DATA FOR REVIEW below:

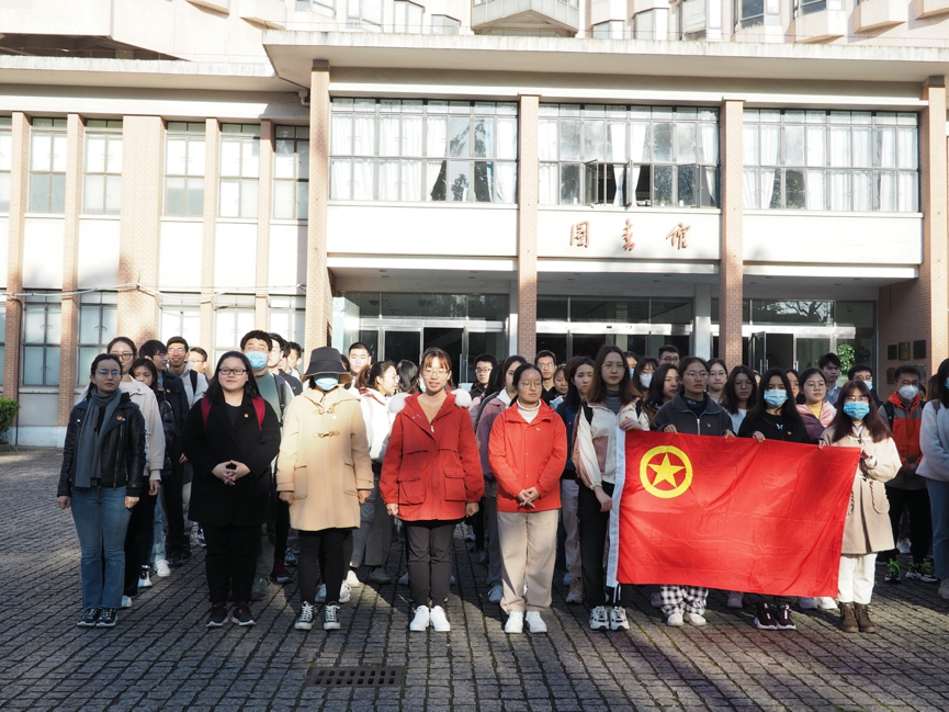 2021年3月22日早晨,马克思主义学院、政治与国际关系学院共同承办的“青春心向党,勇做追梦人”主题升旗仪式在四平校区升旗台举行。
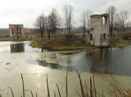 Na zamku nic się nie dzieje. Pusto i straszno, wejścia brak, a na przedzamczu stoi woda. Przybytku pilnował cieć z 3 wilczurami. Można się za to bez przeszkód przejść po wałach ziemnych (fot. listopad 2010).
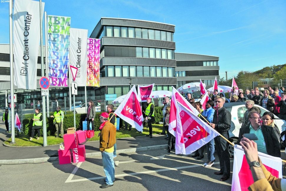 Ehningen: Protestaktion von IBM-Beschäftigten vor Konzernzentrale / Erneut um „5 vor 12“ Uhr
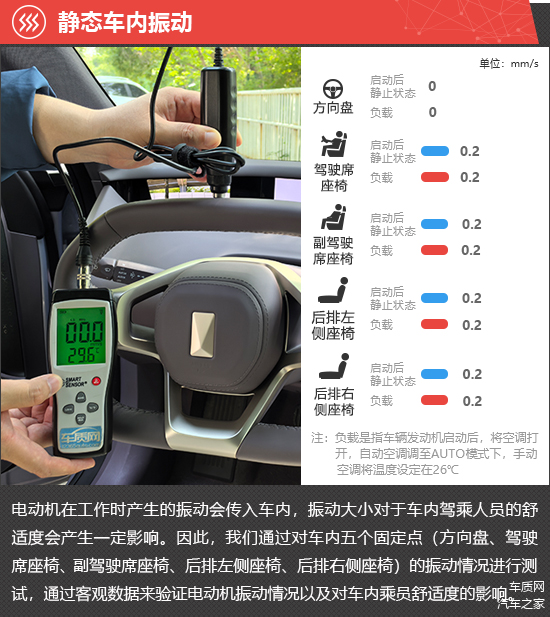 在静态车内振动测试环节,启动后静止和负载两种状态下,2025款阿维塔06增程版方向盘位置的振动数值始终为0,前后排座椅在两种状态下的振动数值均为0.2mm/s,对乘坐舒适性影响不大。
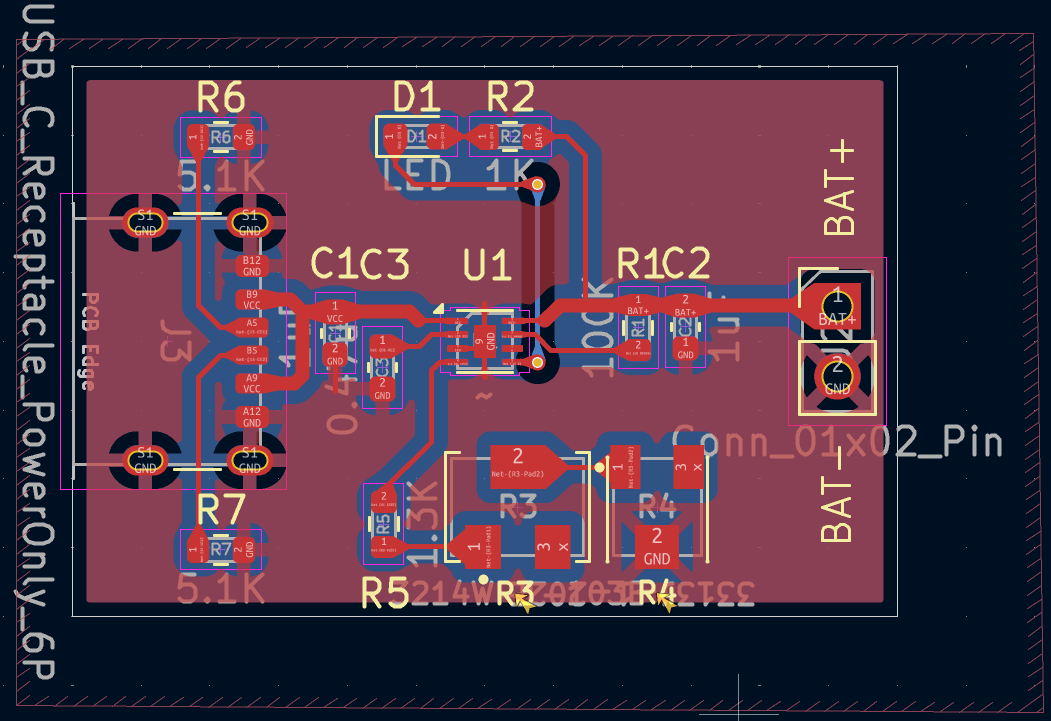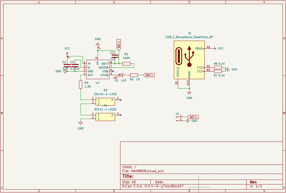 我根据任务,基于MAX8808X芯片一个支持USB-C接口的单节锂电池充电模块

End of DATA FOR REVIEW.

EXERCISE PROMPT: Without the pictures, write out every line above exactly as it appears.

ANSWER:
 2021年3月22日早晨,马克思主义学院、政治与国际关系学院共同承办的“青春心向党,勇做追梦人”主题升旗仪式在四平校区升旗台举行。
 Na zamku nic się nie dzieje. Pusto i straszno, wejścia brak, a na przedzamczu stoi woda. Przybytku pilnował cieć z 3 wilczurami. Można się za to bez przeszkód przejść po wałach ziemnych (fot. listopad 2010).
 Ehningen: Protestaktion von IBM-Beschäftigten vor Konzernzentrale / Erneut um „5 vor 12“ Uhr
 在静态车内振动测试环节,启动后静止和负载两种状态下,2025款阿维塔06增程版方向盘位置的振动数值始终为0,前后排座椅在两种状态下的振动数值均为0.2mm/s,对乘坐舒适性影响不大。
 我根据任务,基于MAX8808X芯片一个支持USB-C接口的单节锂电池充电模块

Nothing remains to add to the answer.